Saturday, October 23, 2010

There's no where to hide for the i-kids

I was unfortunate enough to find myself on the nightmare train to Victoria recently. It's not usually a nightmare, usually I read, daydream or write. But this train was befitting of a nightmare considering it had fallen victim to collecting all the unruly kids from each dank corner of England. I could laugh along with the hairy-nostrilled businessman opposite, at the toddler next to us yelling "Look mummy a pig!" at a passing herd of cows.

But the school kids - it was like sitting in a cage of chimps that had inhaled half a ton of M&M’s.

Still, I couldn’t help but turn my ears to the little snippets of conversation that were forcing themselves in to my personal space.

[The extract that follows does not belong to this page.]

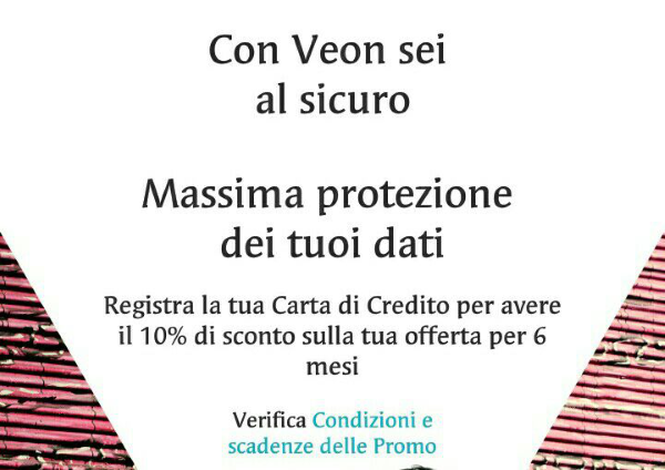 VEON CREDIT CARD PROMO da diritto per 6 mesi (180 giorni) ad uno sconto pari al 10% sui costi di rinnovo delle offerte a canone ricorrente attive sulla propria SIM. Si attiva contestualmente o successivamente alla registrazione su Veon di una Carta di Credito, una Carta Prepagata o PostePay. L’attivazione della promozione sarà confermata con un SMS. La promozione è applicabile una sola volta per SIM registrata a Veon.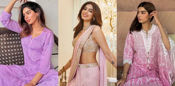 On one occasion, Khushi Kapoor chose to embrace simplicity with a touch of elegance, beautifully encapsulated in a lilac-hued chikankari kurta set.

Mediocre popular kid/greasy hair: “Well we are gonna egg ‘em on Friday, I think it’s Friday, we’re be on half term?”

Lead girl/bit spotty: “Yeah, but check Facebook though yeah, ‘cos it like right near Emily’s birthday thing, she said to invite youz lot, in half term yeah,? Check the events list.”

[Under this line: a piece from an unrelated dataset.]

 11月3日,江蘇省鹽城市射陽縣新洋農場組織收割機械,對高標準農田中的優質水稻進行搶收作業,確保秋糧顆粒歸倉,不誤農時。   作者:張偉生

Class clown: “We have half term?”

{General squawking laughter.}

These kids have so much room for social manoeuvres. Their diarys fill up over half term; they check dates, plan meetings and negotiate clashes. It might be for drunken birthday parties, shopping or even egging (Seriously?) but social media is giving them the chance to get to grips with juggling their personal life from a young age. Not a bad thing up to a point.

The build up to the event is significantly more important than the event itself. A head count of who is attending and the expectant commentary of the potential ‘carnage’-(apparently this is another new addition to the i-kids vocab. – I had to check at Urban dictionary before I felt suitably informed enough to use it)

These guys should stop and think though. All those you tube videos, Facebook photos and infuriatingly detailed statuses will come back to bite their eventually grown up, highly embarrassed arse.

I appreciate hugely that I am on the cusp of the MTV /Tamagotchi generation. I can still indulge in suagar coating the horrors of being a teenager. I can forget the questionable clothing during my hippy faze (purple flared cords, fish net tops and beaded trainers) and the dippy high school boyfriends who you never really saw ( guy at bus stop/ ‘stud muffin’/one with a yellow fetish). I can erase the bitchy girls that called me names, the uncomfortable feeling when your best friend is off sick and the constant immature banter. I can almost look back fondly. i have a few faded photographs and an agile memory.

But these i-kids. Man. They are going to have the stark, unforgiving video footage and photos, a documentary of all the bits in life you stumble through hard and often before you learn to tie your laces and re-route. Good luck to you. I reckon now might be the time to de-tag and delete accordingly.

1 comment:

  1. The underlying current of the more you expose the less you control is powerful and prominent more than most realise in the duality of our modern lives!